Claudia Roth, film finansmanı yasasını tanıtmak için Federal Meclis üyelerini Berlinale'nin aralarında bir kahvaltıya davet ettiğinde şunları söyledi: “Kültür olmadan yapamayız.” Film, “demokrasinin sesi” konusunda çok önemli bir rol oynuyor. ” . Alman filmlerinden duyduğumuz şey, demokrasinin sesi değil, daha çok, hibe alan kayıtsız kişilerin birbirlerinin sırtını sıvazlamalarının sesi. Israrla piyasa dışında üretim yapan, devletten destek almak isteyen bir sektörü yapay olarak ayakta tutmayı göze alamayız.
Kampanya hediyelerini düşünürsen, sen bir düzenbazsın. Noel'den kısa bir süre önce, Kültürden Sorumlu Devlet Bakanı Claudia Roth (Yeşiller), yeni film finansmanı yasasını SPD, Yeşiller ve FDP'nin oylarıyla parlamentodan geçirmeyi başardı. Gelecekte federal hükümet bu ülkede üretilen bir filmin maliyetinin yüzde 30'una kadarını karşılayabilecek.
Alıcılar tezahürat yapıyor. Film yapımcılarına yönelik bir lobi kuruluşu olan Production Alliance'ın genel müdürü Björn Böhning, “Alman film ve televizyon endüstrisi için bir dönüm noktasından” bahsetti. Ek para, “çok endişeli olan binlerce çalışan için güven verici bir haberden çok daha fazlası.” Belki isim size tanıdık gelebilir: Böhning, hayatında hiç film yapmamış olmasına rağmen, SPD'de profesyonel bir politikacı olarak kariyer yaptı.
Federal Oyunculuk Birliği, gelecekte yalnızca “biz aktörlerin de dahil olduğu çalışan personele toplu sözleşme uyarınca ödeme yapılan” filmlerin finanse edileceğinden memnuniyet duyuyor. Üreticiler birliği ek parayı memnuniyetle karşılıyor, ancak FDP'nin kışkırtmasıyla “çeşitlilik, cinsiyet eşitliği, katılım, ayrımcılık karşıtlığı ve sürdürülebilirlik kaygılarının yasada yeterince dikkate alınmamasından” üzüntü duyuyor. Başka bir deyişle: içerikleri uyanık olmasa ve uyanık film ekipleri tarafından yapılmamış olsa bile filmler finanse edilebilir.

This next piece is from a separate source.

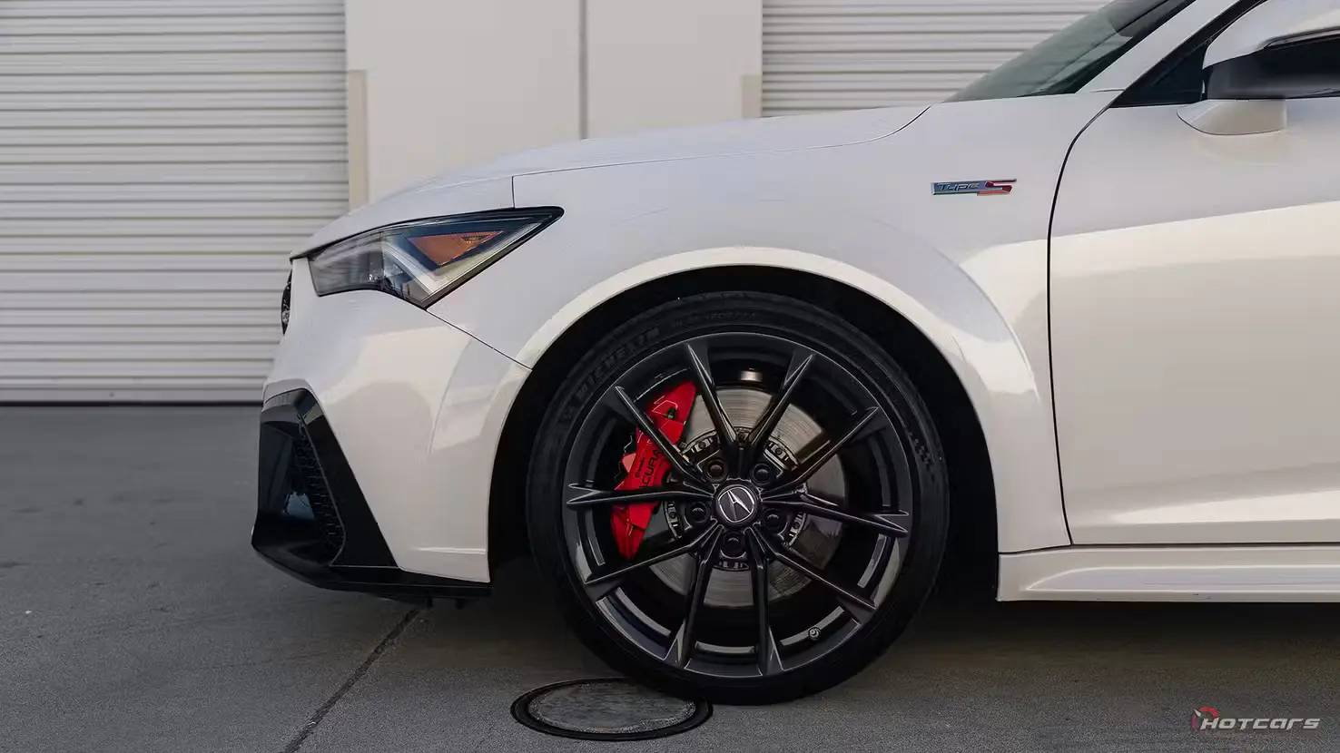 Хотя эти внешние детали увеличивают общую ширину автомобиля всего на 2,8 дюйма, это позволило инженерам Acura увеличить ширину колеи на 3,5 дюйма спереди и 1,9 дюйма сзади. Эти 19-дюймовые колеса соответственно массивные, с квадратной формой, шириной 9,5 дюйма во всех четырех углах. Я доверюсь расчетам Acura, когда они скажут, что эти колеса значительно больше, чем 18-дюймовые, которые поставляются в стандартной комплектации Integra A, но при этом на два фунта легче на колесо. Они покрыты соответственно агрессивной резиной, в стандартную комплектацию входят шины 265/30 R19 Michelin Pilot Sport 4S. В стандартную комплектацию также входят четырехпоршневые передние тормоза.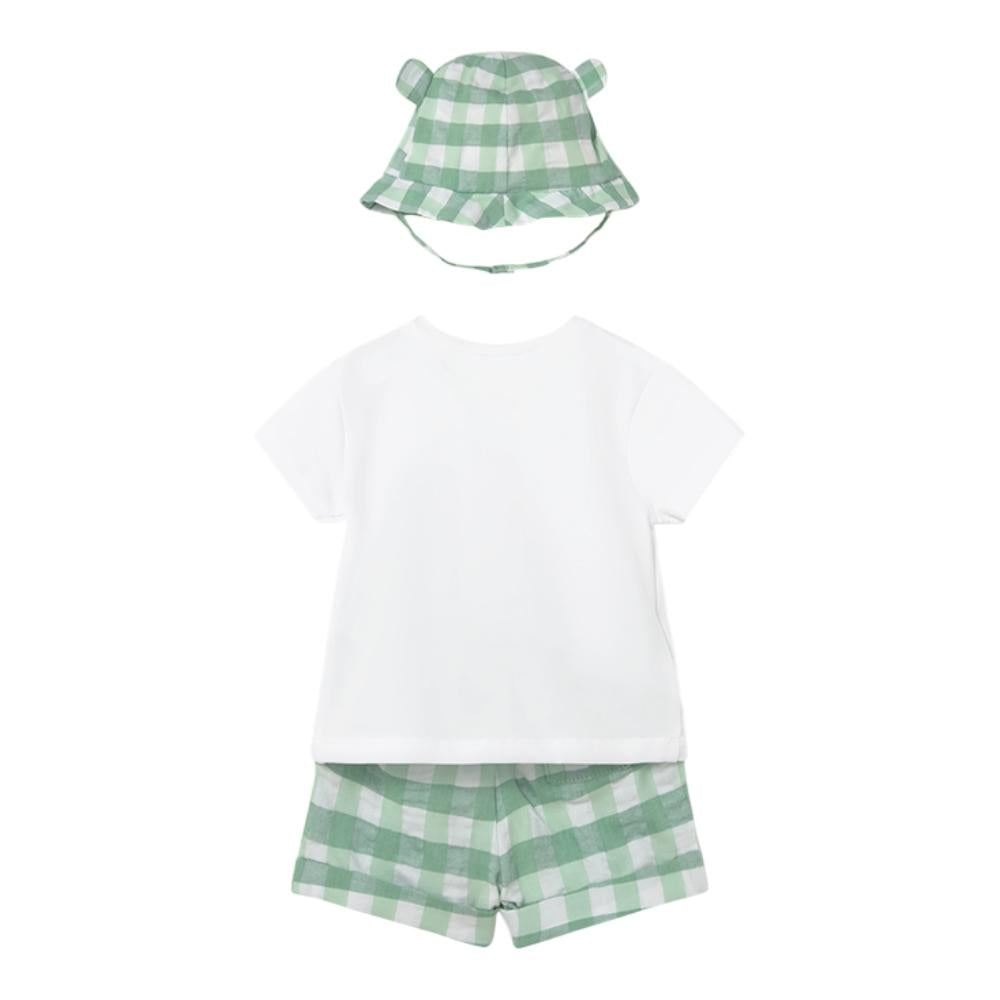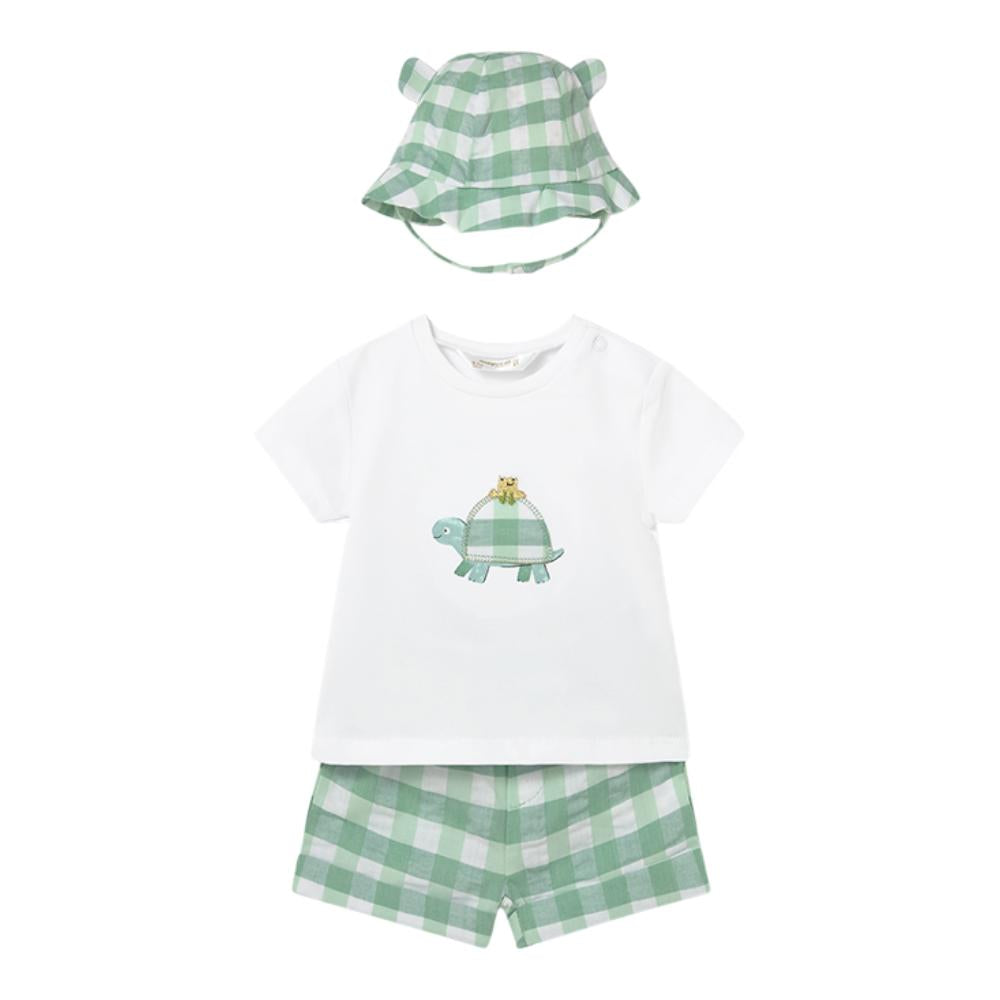 This adorable outfit includes a soft white T‑shirt featuring a playful turtle and frog motif, paired with matching green gingham shorts for a fresh, timeless look. The sweet gingham hat with little ears completes the ensemble, offering both sun protection and irresistible charm. A lovely choice for everyday adventures, holidays, or gifting.

Bunlar Alman film yapımcılarının öncelikleri. Ve temelde sektörle ilgili her şeyi söylüyorlar. Çünkü asıl endişelenmeleri gereken şey, Alman izleyicilerin filmlerini izlemek istememesi. 2023 yılında sinemalarda gösterime giren 223 Alman filminden 81'i Federal Film Fonu'ndan (FFA) destek aldı. En büyük izleyici payına sahip on film arasında – “Barbie” ve “Oppenheimer” yılı, yeni bir “Avatar” destanı ve “Elemental” yılıydı – tek bir Alman filmi vardı: “Üç ??? – Ejderhanın Varisi”.
Amerikan filmlerinin iki katı kadar Alman filmi gösterildi. Ancak satılan biletler içerisinde Alman filmlerinin payı sadece yüzde 22,4 oldu. Yeni bir düşük seviye: 2015'te payları yüzde 37,1 iken 2021'de en az yüzde 24,9 oldu. Hollywood, yalnızca yarısı kadar filmle iki kattan fazla bilet satmayı başarıyor. Alman sinemacılar seyircinin beğenisini göz ardı eden filmler üretiyorlar.
Claudia Roth, film finansmanı yasasını tanıtmak için Federal Meclis üyelerini Berlinale'nin aralarında bir kahvaltıya davet ettiğinde şunları söyledi: “Kültür olmadan yapamayız.” Film, “demokrasinin sesi” konusunda çok önemli bir rol oynuyor. ” . Alman filmlerinden duyduğumuz şey, demokrasinin sesi değil, daha çok, hibe alan kayıtsız kişilerin birbirlerinin sırtını sıvazlamalarının sesi. Israrla piyasa dışında üretim yapan, devletten destek almak isteyen bir sektörü yapay olarak ayakta tutmayı göze alamayız.